▸ TRY IT
Each line of the data below that includes the string "parking" must be copied.

▸ DATA FOR PROCESSING
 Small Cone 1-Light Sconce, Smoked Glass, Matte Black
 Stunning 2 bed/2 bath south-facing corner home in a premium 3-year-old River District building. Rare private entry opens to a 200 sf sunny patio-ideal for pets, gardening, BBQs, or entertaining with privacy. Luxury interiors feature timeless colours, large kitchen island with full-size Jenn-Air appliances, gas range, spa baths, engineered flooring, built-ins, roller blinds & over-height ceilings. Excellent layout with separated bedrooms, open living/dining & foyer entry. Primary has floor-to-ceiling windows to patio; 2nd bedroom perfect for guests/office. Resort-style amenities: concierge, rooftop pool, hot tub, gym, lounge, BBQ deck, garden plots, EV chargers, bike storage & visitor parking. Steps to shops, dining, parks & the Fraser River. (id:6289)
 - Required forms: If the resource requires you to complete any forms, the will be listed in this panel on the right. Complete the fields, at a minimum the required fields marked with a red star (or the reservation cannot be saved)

---

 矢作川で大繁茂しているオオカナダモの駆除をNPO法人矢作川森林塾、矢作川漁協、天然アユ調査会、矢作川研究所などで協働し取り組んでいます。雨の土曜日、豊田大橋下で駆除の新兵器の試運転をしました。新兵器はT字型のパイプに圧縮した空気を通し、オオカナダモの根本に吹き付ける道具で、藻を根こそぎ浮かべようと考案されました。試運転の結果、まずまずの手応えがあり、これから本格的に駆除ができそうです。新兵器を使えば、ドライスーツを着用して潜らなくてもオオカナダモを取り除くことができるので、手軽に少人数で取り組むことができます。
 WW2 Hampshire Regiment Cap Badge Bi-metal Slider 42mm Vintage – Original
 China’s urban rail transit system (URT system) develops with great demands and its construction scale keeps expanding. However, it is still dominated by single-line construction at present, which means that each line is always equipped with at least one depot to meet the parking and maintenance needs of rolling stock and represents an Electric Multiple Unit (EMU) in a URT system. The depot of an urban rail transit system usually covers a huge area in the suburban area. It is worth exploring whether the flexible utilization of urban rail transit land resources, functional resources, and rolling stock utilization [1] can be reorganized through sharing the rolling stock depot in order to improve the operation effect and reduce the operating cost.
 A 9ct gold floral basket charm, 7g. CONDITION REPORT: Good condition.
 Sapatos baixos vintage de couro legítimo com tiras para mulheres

--

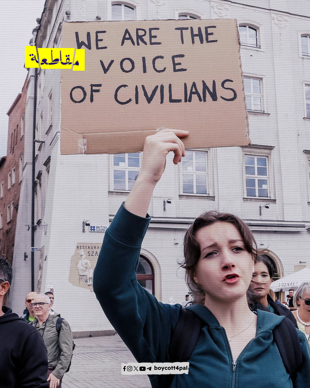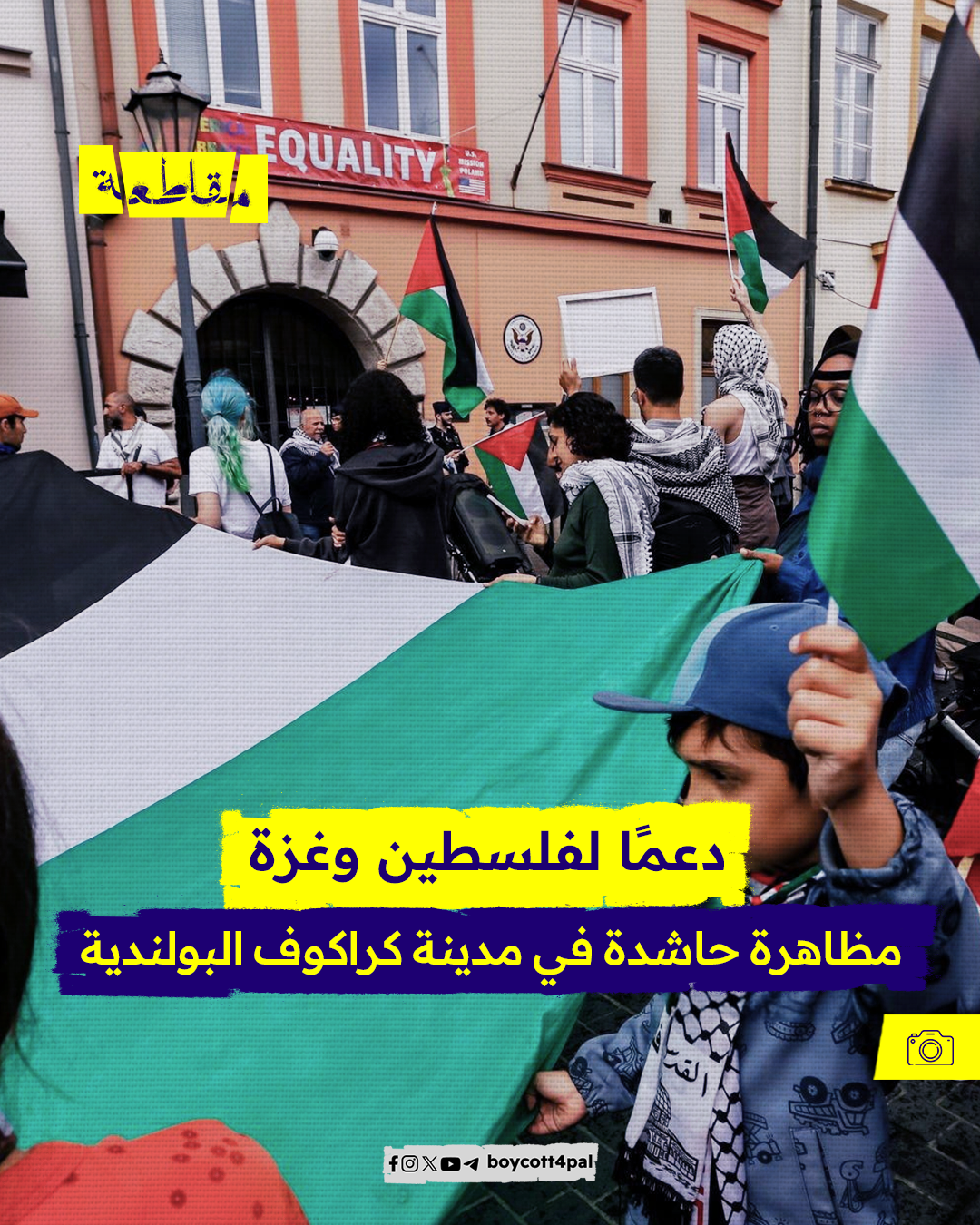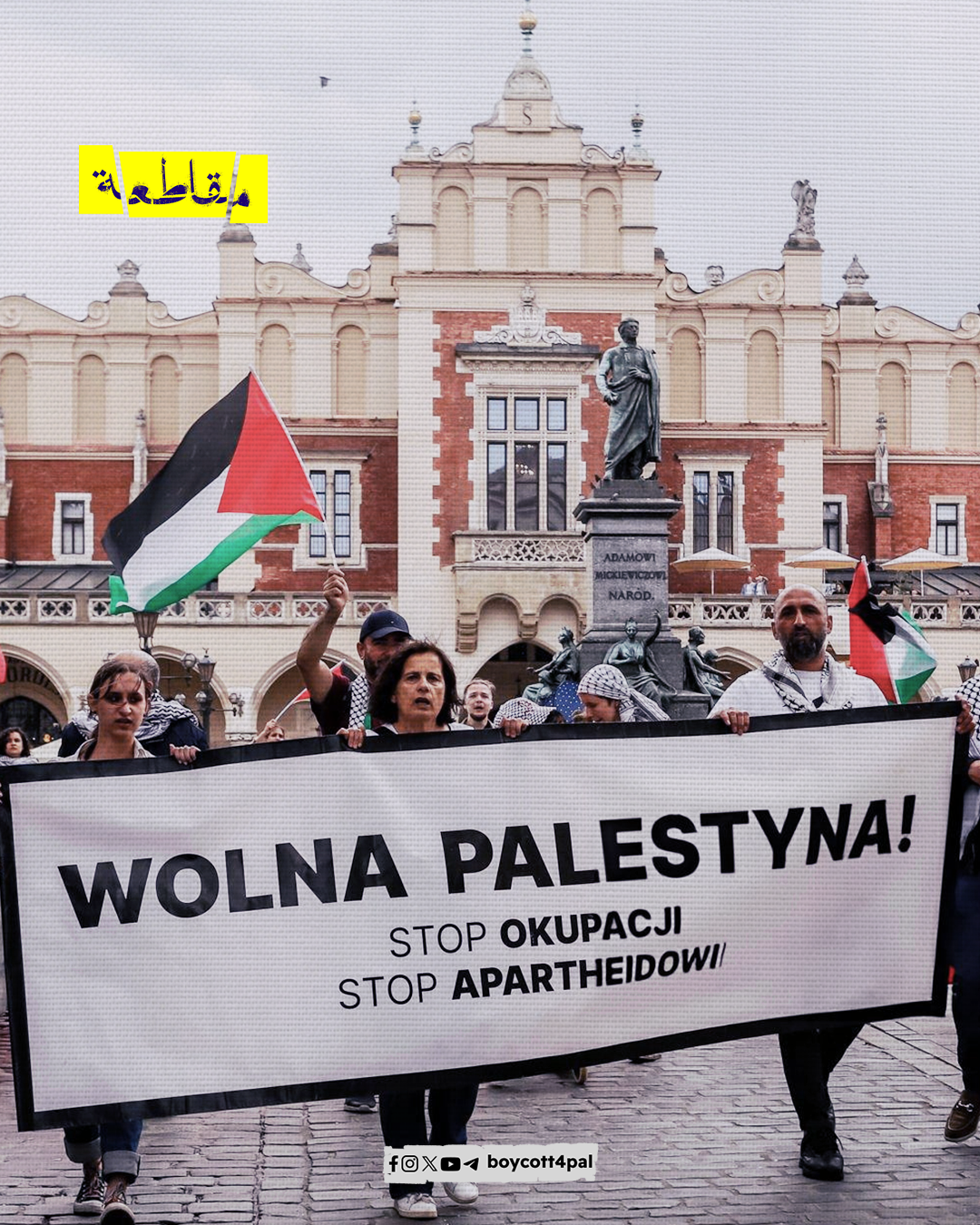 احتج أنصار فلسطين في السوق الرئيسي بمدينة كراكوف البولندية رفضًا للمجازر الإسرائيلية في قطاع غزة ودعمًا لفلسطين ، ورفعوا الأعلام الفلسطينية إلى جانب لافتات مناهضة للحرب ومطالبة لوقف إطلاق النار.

▸ ANSWER SPACE
 Stunning 2 bed/2 bath south-facing corner home in a premium 3-year-old River District building. Rare private entry opens to a 200 sf sunny patio-ideal for pets, gardening, BBQs, or entertaining with privacy. Luxury interiors feature timeless colours, large kitchen island with full-size Jenn-Air appliances, gas range, spa baths, engineered flooring, built-ins, roller blinds & over-height ceilings. Excellent layout with separated bedrooms, open living/dining & foyer entry. Primary has floor-to-ceiling windows to patio; 2nd bedroom perfect for guests/office. Resort-style amenities: concierge, rooftop pool, hot tub, gym, lounge, BBQ deck, garden plots, EV chargers, bike storage & visitor parking. Steps to shops, dining, parks & the Fraser River. (id:6289)
 China’s urban rail transit system (URT system) develops with great demands and its construction scale keeps expanding. However, it is still dominated by single-line construction at present, which means that each line is always equipped with at least one depot to meet the parking and maintenance needs of rolling stock and represents an Electric Multiple Unit (EMU) in a URT system. The depot of an urban rail transit system usually covers a huge area in the suburban area. It is worth exploring whether the flexible utilization of urban rail transit land resources, functional resources, and rolling stock utilization [1] can be reorganized through sharing the rolling stock depot in order to improve the operation effect and reduce the operating cost.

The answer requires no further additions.